He decides to introduce me to the DIVD (Dutch Institute for Vulnerability Disclosure), a group of volunteers who watch over the Dutch part of the internet. Gevers leads the DIVD with Frank Breedijk, Chris van ‘t Hof and Astrid Oosenbrug. Breedijk is the Chief Information Security Officer (CISO) of Schuberg Philis, an IT company that focuses on essential systems for banks and other critical infrastructure, Van ‘t Hof is a sociologist who has written several books about the hacker community, and at almost every fair or conference on the subject of hackers, he is the discussion leader or moderator. Oosenbrug is a former member of parliament for the Dutch Labour Party. Moreover, she has been a hacker herself.

The volunteers of the DIVD communicate through Slack, a chat program that allows users to work remotely as a team. I notice that every few days, attention is drawn to a security leak. Some of these leaks are given names, such as Proxy-logon, Printer Nightmare, or OmiGod. Patch Tuesday, the second Tuesday of the month, is notorious, because it is the day when Microsoft sends out the monthly security updates to its users. These updates can be seen as indications of where the leaks are in Microsoft applications.

When a new leak appears, volunteers from the DIVD investigate how dangerous it is. They use the search engines Shodan and Censys to see which companies are vulnerable. Sometimes they scan the internet themselves, looking for computers on which vulnerable programs are running. They use reconnaissance techniques similar to the ones used by state hackers or criminals, but instead of infecting computers with viruses, they send an e-mail to the administrator, stating that a ‘backdoor’ is open and containing short instructions on the best way to close it.

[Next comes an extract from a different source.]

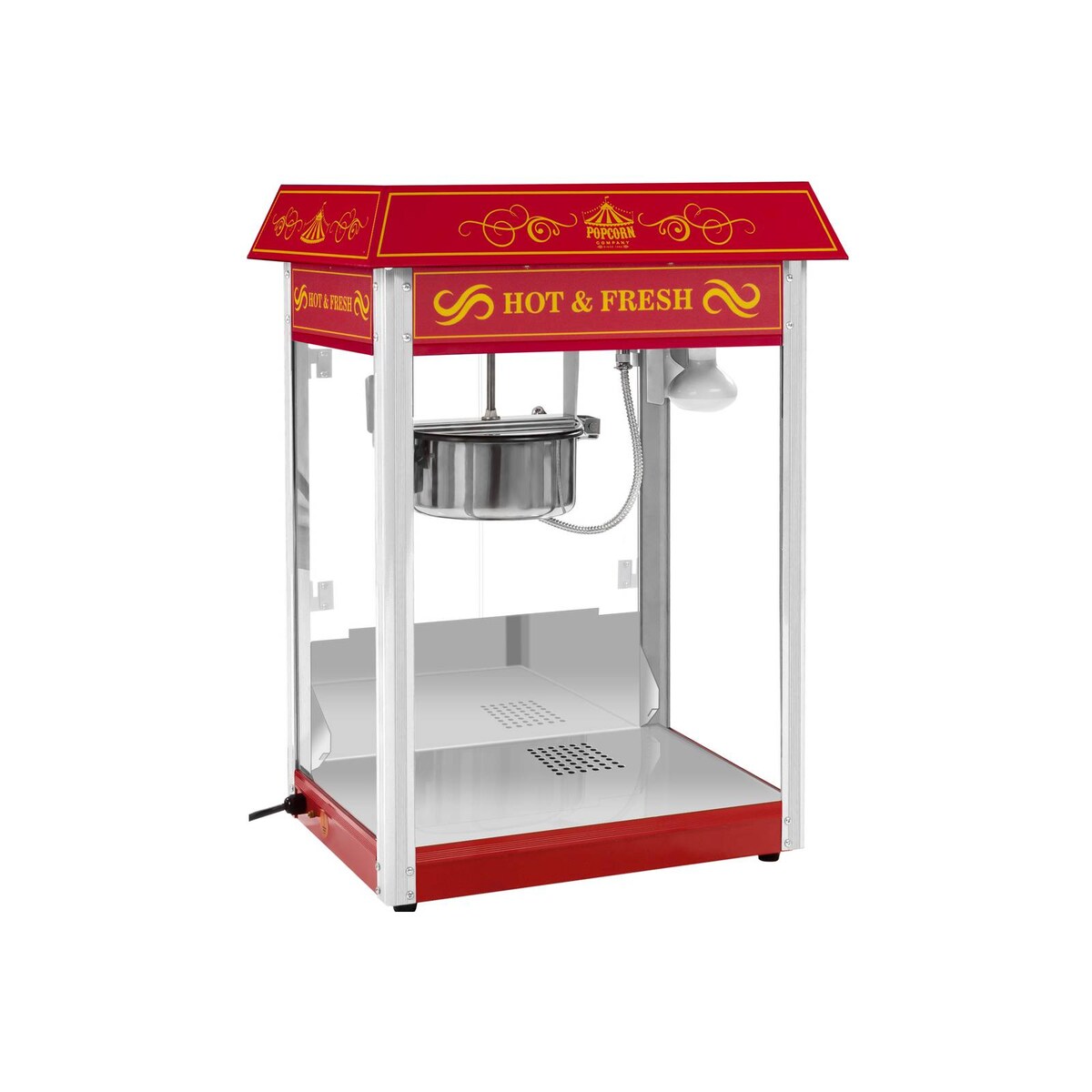 Hendi Popcornmaschine mit Innenbeleuchtung und praktischer Popcorn-Klappe

Every week there is an online DIVD-meeting during which the state of affairs is discussed. Chris van ‘t Hof usually leads the meeting, with a bookcase in the background. Victor Gevers sits in front of a green screen on which he usually projects a black background. The meeting is filled with hackers and computer professionals, wearing headphones, listening, and tapping their keyboards at the same time. The meeting starts formally. The various agenda items are discussed one by one. Then there is an informal part where people chat a little. A core group of three or four hackers enjoy working together and stay behind at the end to look for new vulnerabilities.

One of them is Wietse Boonstra. A man with an East-Dutch accent, surrounded by computers and a large quantity of Star Wars Lego. He turns out to have a remarkable talent for finding leaks. Boonstra in particular has a sixth sense for finding bugs in web applications. He inherited the hacker’s mindset from his father, an electronics wizard. As a child, when Wietse whined that he wanted a toy, his father would take apart a few old devices and use the parts to build the toy from scratch.

‘My father understood everything about capacitors and resistors,’ says Boonstra. ‘From him, I learned early on that you can make anything yourself.’ Learning from books was not easy for Wietse. He went to a vocational technical school and became an electrician. He knew his way around computers. This is how he ended up as an IT employee for an internet provider. In the logs of the internet provider, Boonstra saw that hackers had gained access to the internal systems. He was interested and wanted to learn how they had managed to do so.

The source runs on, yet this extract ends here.